Ia juga menyoroti besaran dugaan kerugian negara sebesar Rp 2,1 miliar dari total nilai proyek sebesar Rp 5,9 miliar. Menurutnya, jumlah kerugian tersebut tidak masuk akal, seolah-olah proyek tersebut tidak dikerjakan sama sekali.
Padahal, proyek yang dimulai pada Juli 2019 dan selesai 100 persen pada Desember 2019 sudah melalui Provisional Hand Over (PHO), Final Hand Over (FHO), serta pemeriksaan As-Built Drawing dari Dinas PUPR. Selain itu, hasil audit Badan Pemeriksa Keuangan (BPK) pada 2020 juga tidak menemukan masalah terkait proyek tersebut.
“Bagaimana mungkin gedung yang sudah PHO dan FHO, serta dinyatakan sesuai oleh BPK, tiba-tiba ada tersangka? Jangan hanya karena laporan masyarakat, kemudian Kejari Mentawai mendatangkan ahli untuk menafsirkan kerugian negara begitu saja. Ini jelas tidak benar,” jelas Suparman.

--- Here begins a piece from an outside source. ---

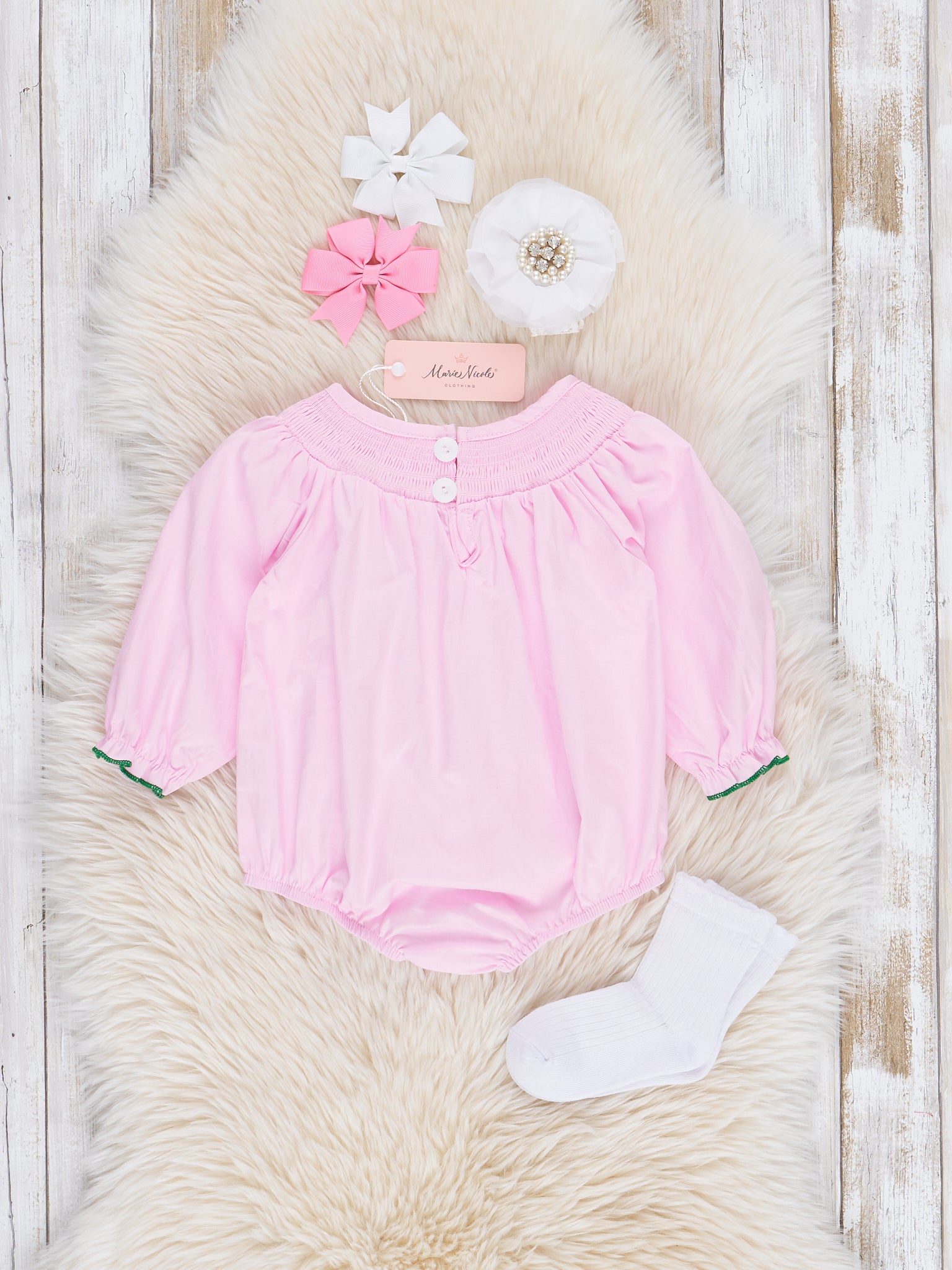 Get ready for the holidays with our Pink Smocked Holiday Berries Cotton Bubble! This girls bubble is made of 100% cotton and features an embroidered holly berry design on the smocked collar. The green bow sleeve accents add a festive touch. Don't forget to check out our sister set for the perfect holiday look!

Suparman juga mempertanyakan kredibilitas ahli yang didatangkan oleh Kejari Mentawai dari Institut Teknologi Padang (ITP). “Ahli dari ITP ini diakui oleh siapa? Apakah ini ahli perorangan atau lembaga ITP secara keseluruhan?” ujarnya.

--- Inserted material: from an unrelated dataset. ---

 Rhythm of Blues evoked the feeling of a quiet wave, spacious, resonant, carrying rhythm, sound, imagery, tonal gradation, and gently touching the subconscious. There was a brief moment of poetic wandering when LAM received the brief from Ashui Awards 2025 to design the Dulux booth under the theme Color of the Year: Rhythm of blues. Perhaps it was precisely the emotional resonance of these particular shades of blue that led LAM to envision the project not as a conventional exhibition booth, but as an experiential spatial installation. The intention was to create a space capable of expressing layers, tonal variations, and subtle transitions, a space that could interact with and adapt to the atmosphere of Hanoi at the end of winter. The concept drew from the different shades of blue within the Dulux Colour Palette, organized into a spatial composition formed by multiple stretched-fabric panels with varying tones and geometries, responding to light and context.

Ia telah mengirimkan surat kepada Kejari Mentawai untuk meninjau kembali status tersangka Asril Yazid. Namun, dalam balasan surat tertanggal 9 Oktober 2024, Kejari Mentawai menyatakan bahwa penyidik telah memiliki alat bukti berupa laporan ahli konstruksi dan hasil penyelidikan investigatif terkait perhitungan kerugian negara.
“Audit investigatif BPK tahun 2024 sudah terlambat, karena pembangunan selesai sejak empat tahun lalu. Harusnya yang dijadikan patokan adalah audit BPK setelah gedung ini selesai dibangun,” kata Suparman.
Selain itu, menurut Suparman pasal yang diuraikan jaksa dalam surat balasan antara lain, pasal 1 angka 14 dan pasal 184 KUHAP, masih ngambang. “Coba dibaca secara utuh berikut dengan penjelasannya, pasal tersebut tidak berdiri sendiri,” paparnya.
Kasi Pidsus Kejari Mentawai, Aridona Bustari, membenarkan penetapan tersangka Asril Yazid dalam kasus korupsi pembangunan Gedung BKD Mentawai. Ia juga membuka kemungkinan adanya penambahan tersangka dalam kasus ini.
“Tidak menutup kemungkinan penambahan tersangka, kita lihat nanti dari hasil pemeriksaan,” katanya.
Terkait kemungkinan praperadilan, Aridona menegaskan bahwa itu adalah hak tersangka. “Praperadilan adalah hak tersangka,” ujarnya.